Another year, another USENIX, though this time without jet lag or TSA grief or any of that. There’s something to be said for that, though I think it would have been easier to deal with the stack of books I wound up with after the game show if I’d had a hotel room to dump them in and a suitcase to pack them in.
This year’s schedule was odd. Instead of the old 2/3 or 3/3 tutorial/technical split of days, they had 6 days of tutorials and 5 days of technical sessions that overlapped, and you could register for a mix of them.
I’m not sure how I feel about the new scheme yet; they did use the extra time to put together one-day mini-tracks for things like Extreme Linux and the like, and each day had a mini-keynote (all of which I liked, and which were worth slogging over to Copley even in rush-hour T conditions) instead of One Big Keynote. However, it seemed like there was less going on at any given time (fewer conflicts, but fewer options if you weren’t interested in either main track) and as Camilla mentions the vendor displays have been really sparse lately, so my old trick of “hmm, that session looks like a good time to collect vendor giveaways” no longer works.
(When the entire set of book publishers is smaller than the O’Reilly booth used to be, and the rest of the vendor display is less than a dozen tables spread around the perimeter of a portion of the exhibit hall that used to be packed full….)
I decided to bug out early on the last day; I was short on sleep and figured I wouldn’t be likely to have much attention span for the last couple of sessions.

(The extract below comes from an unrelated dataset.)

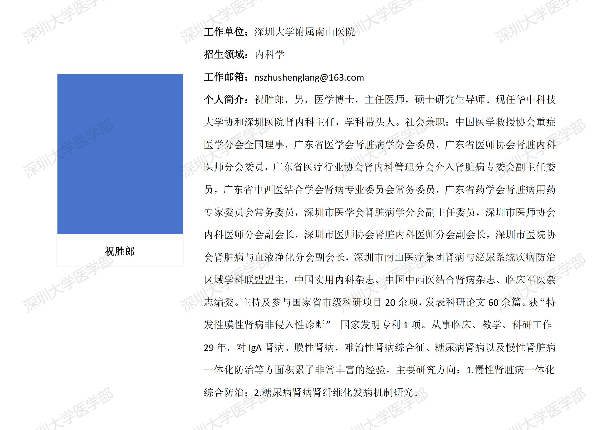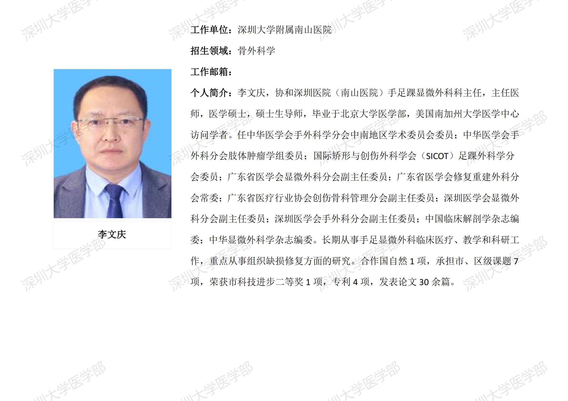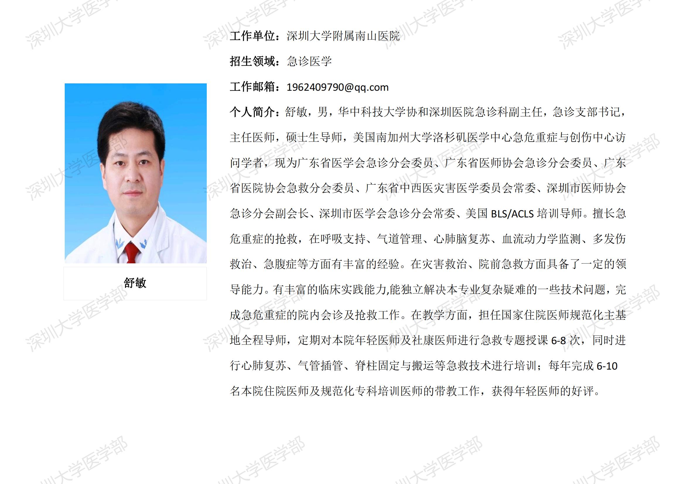 球盟会QMH(中国)官方网站 临床医学专业硕士研究生导师简介--深圳大学附属南山医院

I grabbed a quick lunch, did some browsing through the Upper Newbury Music Trifecta (CD Spins, Newbury Comics, Virgin Megastore), and then hopped on the T. I figured I’d swing by CambridgeSide to see if Best Buy had a CD I wanted cheaper than either Newbury or Virgin, then head to the office to clear out the backlogged email so I wouldn’t feel quite as guilty about it over the weekend, and gave me a chance to scope out the shuttle bus between Gov’t Center and Lechmere as well.
As the train pulled in to Park Street, a woman with two young children got up to get off through the rear door (by the unused driving cab). The train stopped, the door started to open, and one of the kids fell down the stairs, managing to catch his head between the leaves of the accordion door as it was opening. The kid was screaming, the mother was freaking out, and another bystander and I were jumping to push the door aside and free the kid’s head. Scary enough to give me a jolt of adrenalin I wasn’t expecting.
After that, helping a gaggle of teenagers find the shuttle buses at Gov’t Center was fairly anticlimactic. The bus ride was reasonable, the stops (particularly “North Station”) are not necessarily really close to the T stations, and they didn’t seem to really care whether you had taken a transfer or not. I’m glad I don’t have to ride that segment daily, though.
A quick buzz through the mall, picked up some CDs at Best Buy, then to work, and on home once the email was at least shoveled out somewhat.
It feels like it’s been a long week that flew by. Very odd feeling.
This was, as always, loads of fun and one of the highlights of the conference for me.
After being royally skunked in the final round every time in the past, I’ve finally managed to win instead of coming in a distant second; I now have a spiffy Google lava lamp to show for my efforts. It’s not blue, though.
Oh, and some books and hats and t-shirts, including one of the no longer being sold printed 4.4BSD Daemon shirts, autographed by Marshall Kirk McKusick himself.
(It is, however, XXL and therefore a bit large to actually wear…framing for display is being considered instead.)
I’m at the USENIX Annual Technical Conference all this week.
The conference has Wi-Fi coverage, so I can still do some blogging; though I didn’t bring a laptop along (I’m commuting to the conference by T and don’t want to have to haul it along, especially with the Constitutionally-dubious behavior of the MBTA these days), the Palm web browser appears to work well enough to post with.